Another key advantage when applying with epidemiological purposes the data which has been obtained, processed, stored and shared through computer systems, is their easy application at a digital level with the aim of designing complex projects of control studies, many kinds such as retrospective, evolutionary, regional, national and international. By means of the rudimentary screening systems suggested at present, it will be impossible to aim at controlling the nutritional situation that is going on in Europe, as they pretend to do so by information that has been manually obtained and processed in each country.

In the book "El libro blanco de la desnutrición clínica en España" (in Spanish) has devoted a whole chapter to thoroughly explain the design of a Computer System (fig. 7) which would be able to cover all the needs not only of Spain but also of the other European countries52.

Early detection of undernutrition and its risk

In order to be able to detect at its origin the nutritional risk that the treated patient is suffering exposed it is essential to have access to those parameters that have proven capacity to immediately detect the frequent and acute changes which are so common during the clinical practice. Only analytical parameters can do so, and later on, after having applied the latter ones will other signs of undernutrition of be measurably by means of anthropometry or other parameters53.
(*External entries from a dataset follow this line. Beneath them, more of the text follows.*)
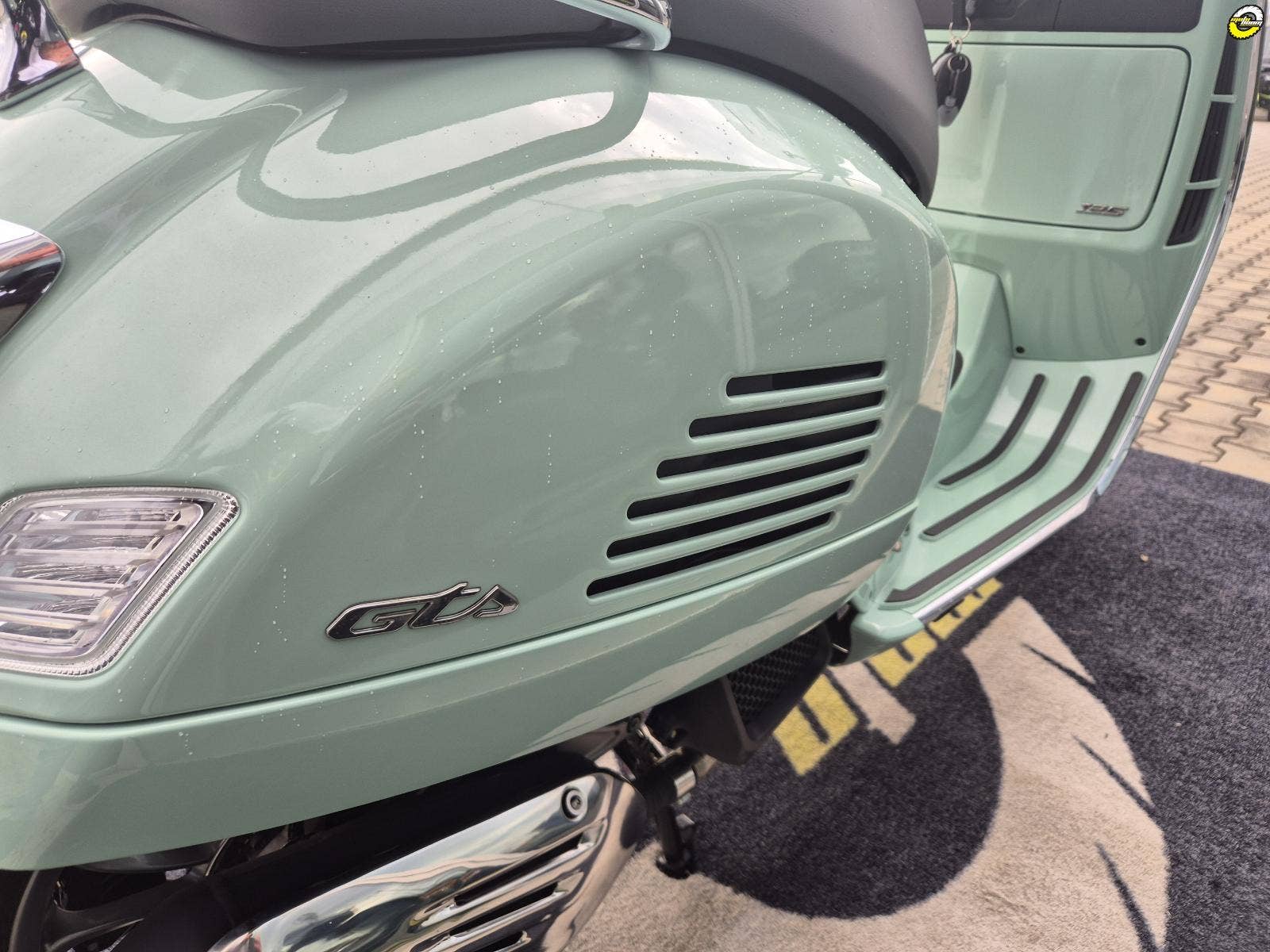 Maximální pozornost byla věnována i těm nejmenším detailům modelu Vespa Gts. Metalické barvy mají lesklou povrchovou úpravu, sedadla a interiér spolu ladí, chromované prvky dodávají další nádech elegance a slavná „kravata“ samozřejmě i nadále přispívá ke statusu Vespy jako nadčasové ikony.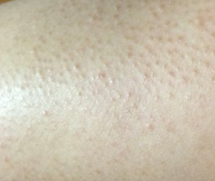 3.皮肤干燥,有毛囊角化性小丘疹,密集成片,触之粗糙似锉刀状,呈正常肤色或淡红色.
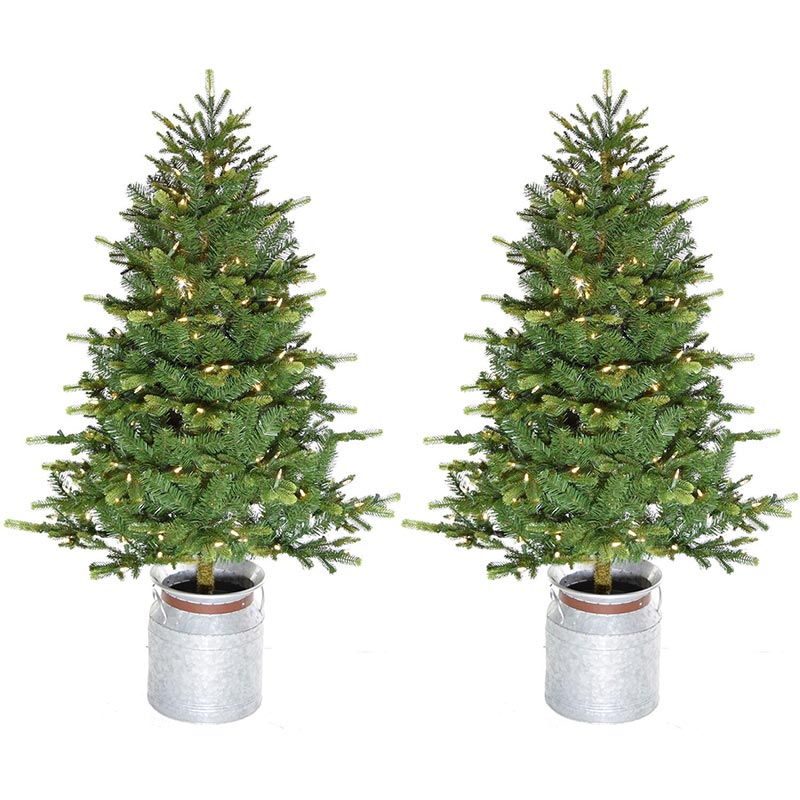 Spruce up your doorway this holiday season with the timeless appeal of these set of two porch accent trees that are potted in rustic farmhouse metal jugs. Spend less time and money this year replacing your natural porch trees. Instead, invest in one of our premium artificial designs that will provide decades of use. come pre strung with 100 warm white bulbs that will illuminate any room, porch, or space this holiday season. Our accent porch trees feature luscious green foliage and are made with quality, maintenance-free materials that will last season after season. The branches display multiple shades of green PVC needles that will instantly add a pop of color and natural look with any frosty scene. Simply unbox, fluff the branches, and enjoy the beauty and long-term benefits that come from owning an artificial design from Fraser Hill Farm.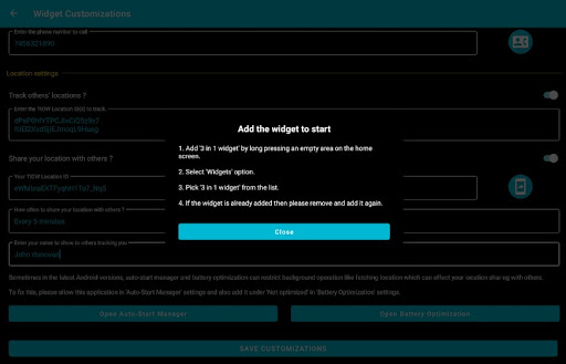 Widget ini membolehkan anda melakukan 3 perkara - Dail cepat satu ☎️, menjejaki lokasi orang lain bersama-sama dengan statistik telefon ⛯ dan mengawal telefon anda ⚙️.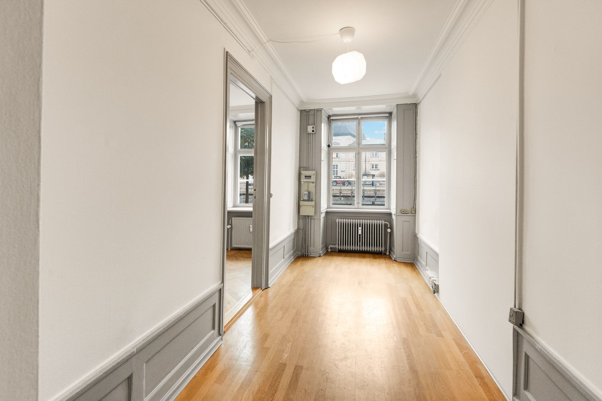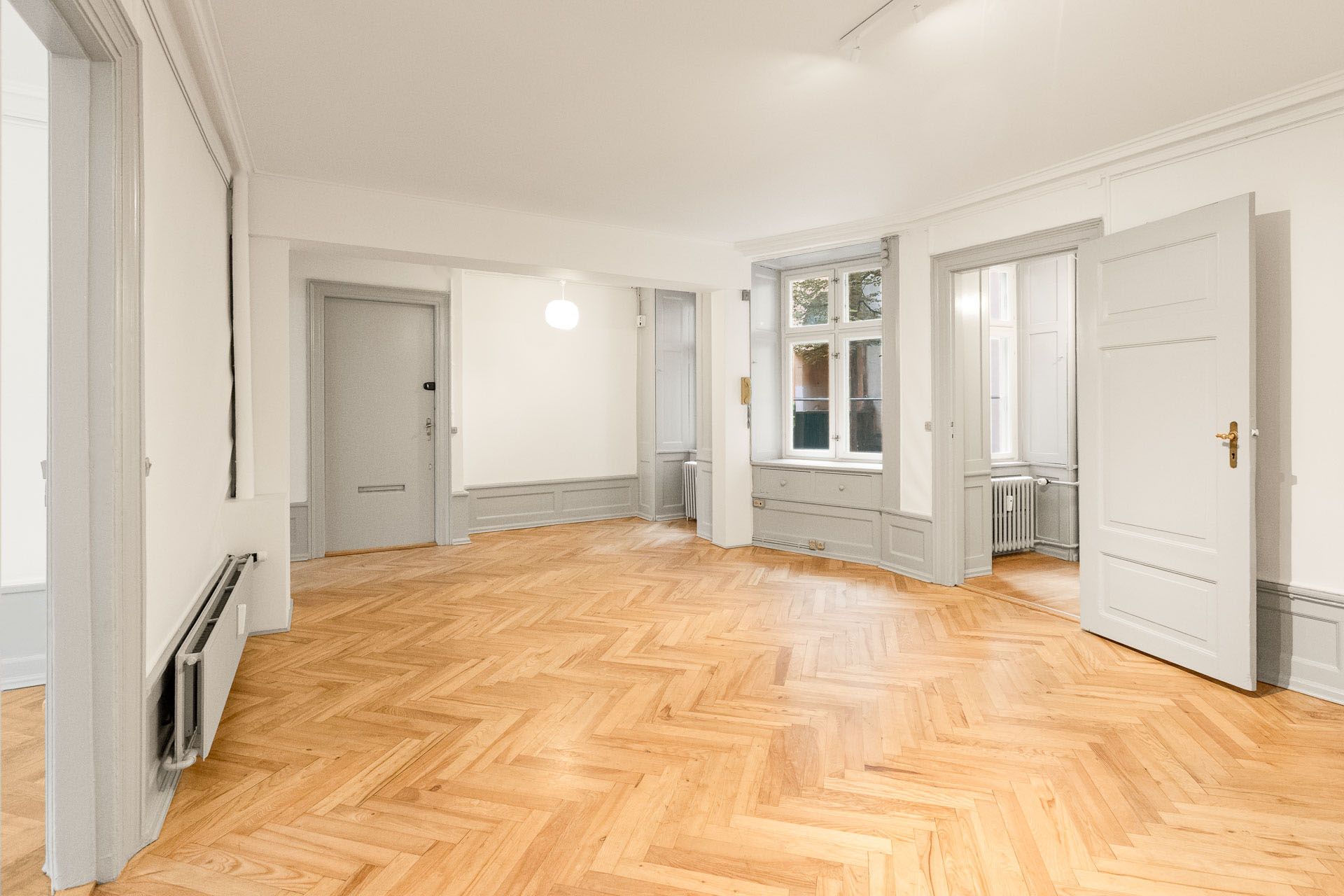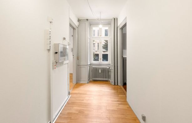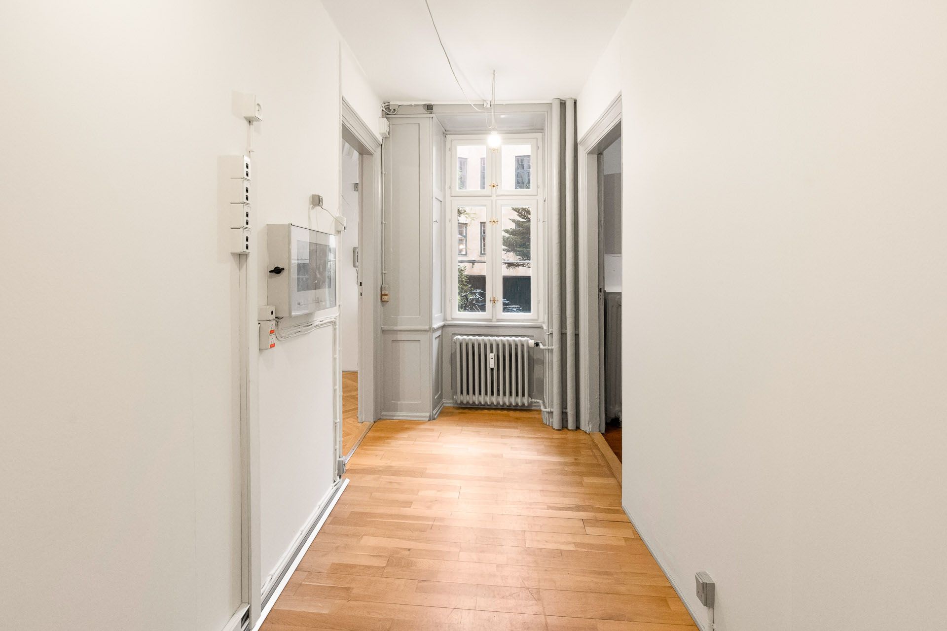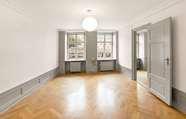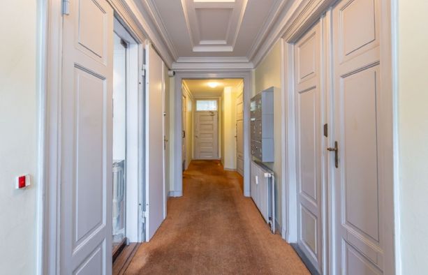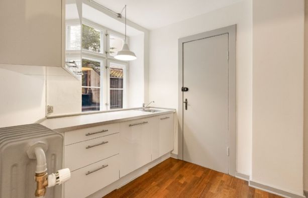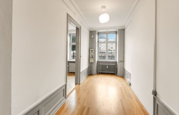 Repræsentativt indgangsparti til indbydende lejemål, som fremstår med pæne sildebensparketgulve og smukke paneler. Lejemålet er indrettet med 2 kontorer ud mod gaden og et større storrumskontor beliggende med vindue ud mod gården. Ydermere har lejemålet et mindre opbevarings-/printerlokale, samt køkken og toilet.

During our project we have put special emphasis in trying to focus on the very nature of the instability which is at the core of any kind of nutritional risk.

Trying to do so by placing the main attention to undernutrition as the cause did not offer many useful results that would help us see this issue with more clarity, considering that the origin of it begins with the alterations that take place in the nutritional equilibrium (trophopathy). These develop in the internal milieu as a consequence of the illness or the therapeutical procedures applied in the attempt to cure it. Our main efforts should be aimed at recovering homeostasis, which will eventually lead towards erasing any nutritional risk40.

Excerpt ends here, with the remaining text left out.